━━ Data excerpt ━━

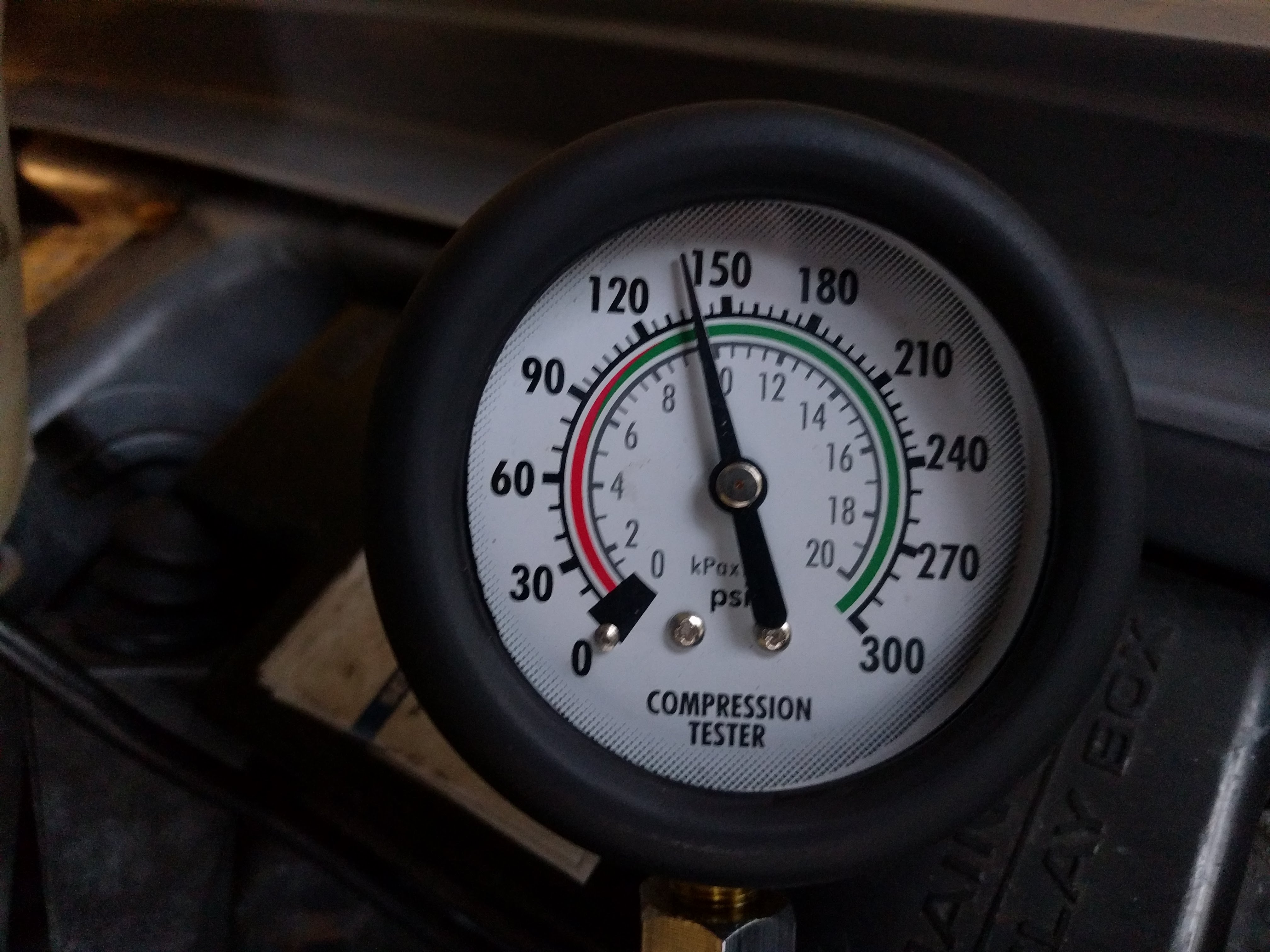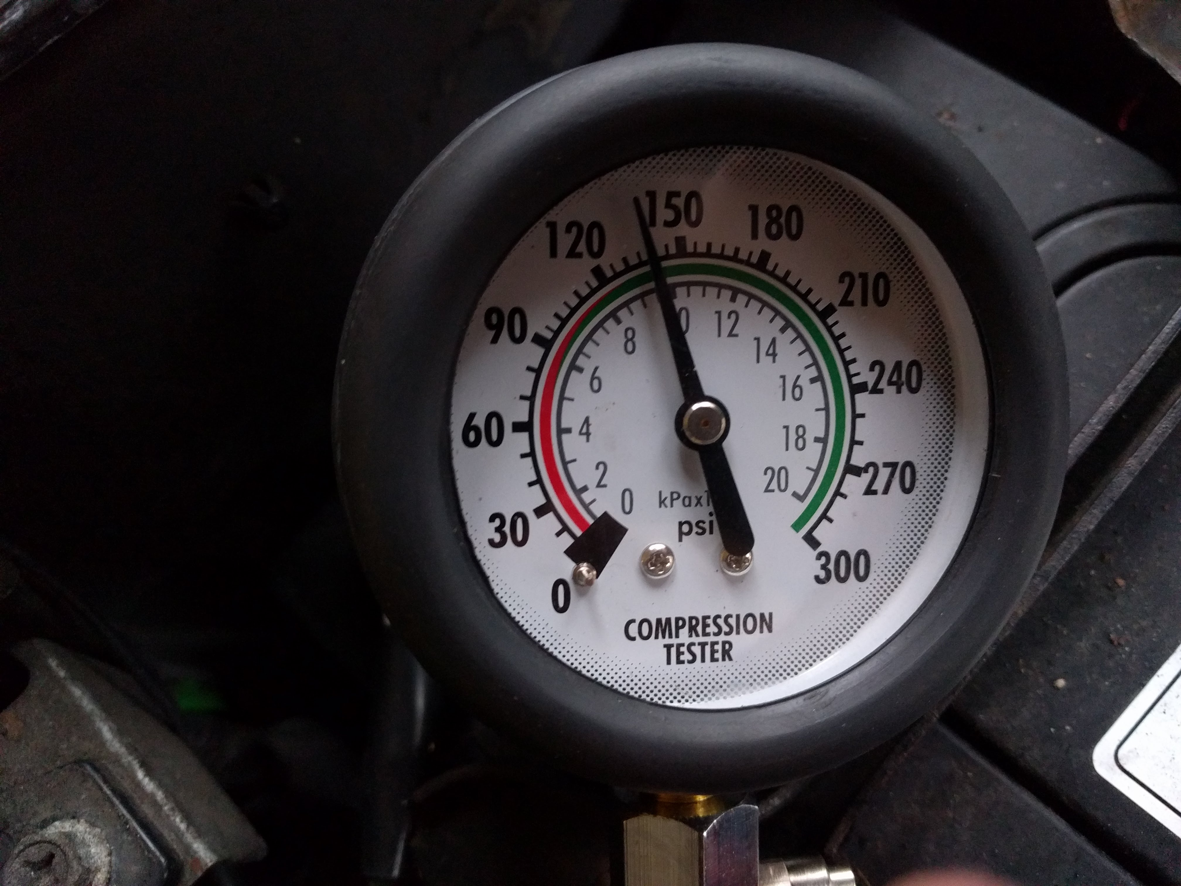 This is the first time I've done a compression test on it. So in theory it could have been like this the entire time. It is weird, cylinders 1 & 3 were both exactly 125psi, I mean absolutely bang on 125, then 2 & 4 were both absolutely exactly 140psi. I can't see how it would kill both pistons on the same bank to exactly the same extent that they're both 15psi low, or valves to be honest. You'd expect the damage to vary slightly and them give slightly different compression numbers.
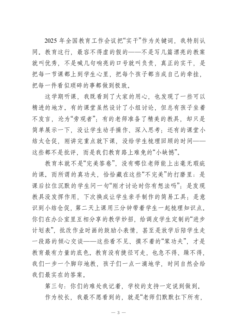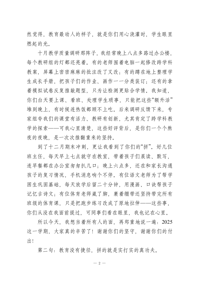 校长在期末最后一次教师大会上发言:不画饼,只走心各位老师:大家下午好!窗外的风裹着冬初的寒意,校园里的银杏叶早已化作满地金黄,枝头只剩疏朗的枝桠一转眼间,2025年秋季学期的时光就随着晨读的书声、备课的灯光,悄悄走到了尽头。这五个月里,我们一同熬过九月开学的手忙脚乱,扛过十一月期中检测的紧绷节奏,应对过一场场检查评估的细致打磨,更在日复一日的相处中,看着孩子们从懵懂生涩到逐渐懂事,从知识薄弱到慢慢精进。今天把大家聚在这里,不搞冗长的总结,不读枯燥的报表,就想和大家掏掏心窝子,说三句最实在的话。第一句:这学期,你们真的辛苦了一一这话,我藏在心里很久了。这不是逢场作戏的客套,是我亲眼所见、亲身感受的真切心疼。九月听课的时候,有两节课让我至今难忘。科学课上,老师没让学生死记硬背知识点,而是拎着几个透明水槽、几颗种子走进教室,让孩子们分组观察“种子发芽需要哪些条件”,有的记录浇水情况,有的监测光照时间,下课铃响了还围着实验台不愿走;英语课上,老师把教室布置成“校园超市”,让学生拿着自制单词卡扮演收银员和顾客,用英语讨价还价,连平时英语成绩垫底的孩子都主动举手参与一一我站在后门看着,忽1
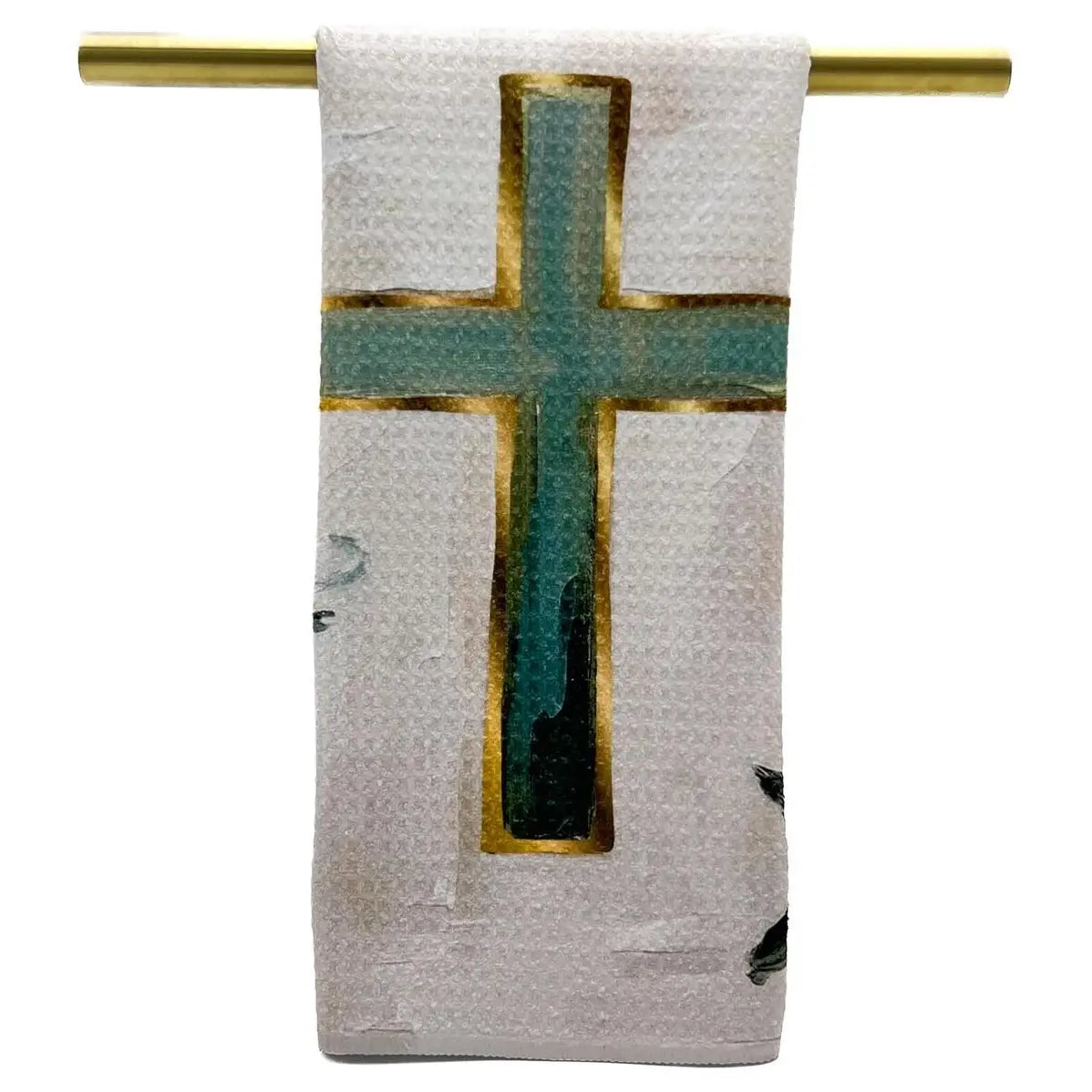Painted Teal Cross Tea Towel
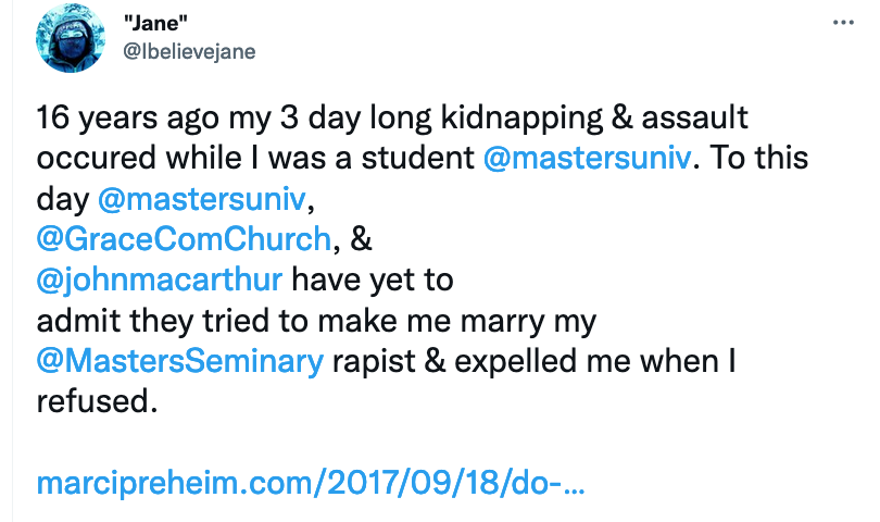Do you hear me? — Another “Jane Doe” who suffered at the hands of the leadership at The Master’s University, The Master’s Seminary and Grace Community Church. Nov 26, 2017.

━━━

An exact copy of the listing is needed, minus its pictures.

 This is the first time I've done a compression test on it. So in theory it could have been like this the entire time. It is weird, cylinders 1 & 3 were both exactly 125psi, I mean absolutely bang on 125, then 2 & 4 were both absolutely exactly 140psi. I can't see how it would kill both pistons on the same bank to exactly the same extent that they're both 15psi low, or valves to be honest. You'd expect the damage to vary slightly and them give slightly different compression numbers.
 校长在期末最后一次教师大会上发言:不画饼,只走心各位老师:大家下午好!窗外的风裹着冬初的寒意,校园里的银杏叶早已化作满地金黄,枝头只剩疏朗的枝桠一转眼间,2025年秋季学期的时光就随着晨读的书声、备课的灯光,悄悄走到了尽头。这五个月里,我们一同熬过九月开学的手忙脚乱,扛过十一月期中检测的紧绷节奏,应对过一场场检查评估的细致打磨,更在日复一日的相处中,看着孩子们从懵懂生涩到逐渐懂事,从知识薄弱到慢慢精进。今天把大家聚在这里,不搞冗长的总结,不读枯燥的报表,就想和大家掏掏心窝子,说三句最实在的话。第一句:这学期,你们真的辛苦了一一这话,我藏在心里很久了。这不是逢场作戏的客套,是我亲眼所见、亲身感受的真切心疼。九月听课的时候,有两节课让我至今难忘。科学课上,老师没让学生死记硬背知识点,而是拎着几个透明水槽、几颗种子走进教室,让孩子们分组观察“种子发芽需要哪些条件”,有的记录浇水情况,有的监测光照时间,下课铃响了还围着实验台不愿走;英语课上,老师把教室布置成“校园超市”,让学生拿着自制单词卡扮演收银员和顾客,用英语讨价还价,连平时英语成绩垫底的孩子都主动举手参与一一我站在后门看着,忽1
Painted Teal Cross Tea Towel
Do you hear me? — Another “Jane Doe” who suffered at the hands of the leadership at The Master’s University, The Master’s Seminary and Grace Community Church. Nov 26, 2017.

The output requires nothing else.